Math Formula Graph Retrieval Using Contrastive Learning Over Visual and Semantic Embeddings

Bryan Amador, Richard Zanibbi

Published: 11 Jul 2025, Last Modified: 29 Dec 2025ICTIR 2025EveryoneCC BY 4.0

Abstract: A key opportunity to make mathematical information more easily accessible is creating search engines that leverage relationships between visual and semantic formula representations. In this pa- per we introduce a formula retrieval model where visual and semantic embeddings are queried separately, but trained jointly. Embeddings are produced using two Relational Graph Convolutional Neural Networks (R-GCNs), which are jointly optimized using a self-supervised training task with a contrastive loss, where pairs of visual and semantic formula nodes are classified as being from the same formula or different formulas.
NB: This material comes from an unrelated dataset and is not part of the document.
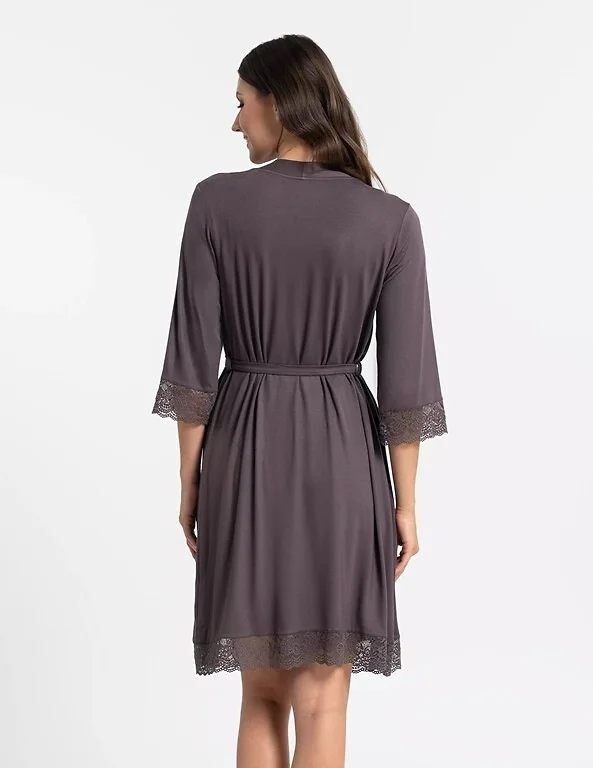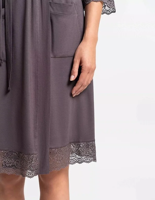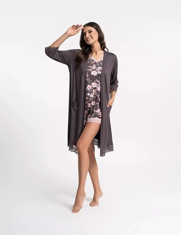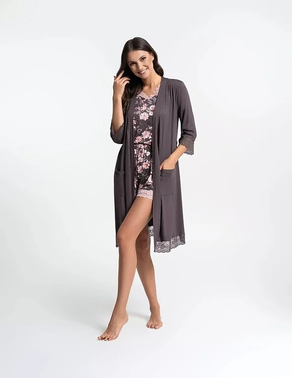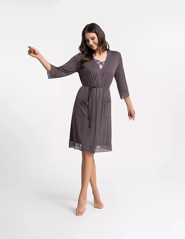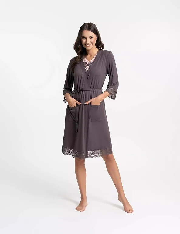 Szlafrok damski- z wysokiej jakości wiskozy- rękaw o długości 7/8- wiązany w pasie- mankiety i dół wykończone ażurową koronkąSkład: 95% wiskoza, 5% elastan

To avoid information loss, we use node embeddings to retrieve visual and semantic formula graphs, with each scored separately using a greedy alignment between query and candidate nodes in the manner of ColBERT. We explore combining and selecting visual and semantic relevance scores in different ways. We present results for two math formula retrieval benchmarks, ARQMath and NTCIR-12. Results show comparable results against the state-of-the-art and significant improvement when combining visual and semantic information from formulas.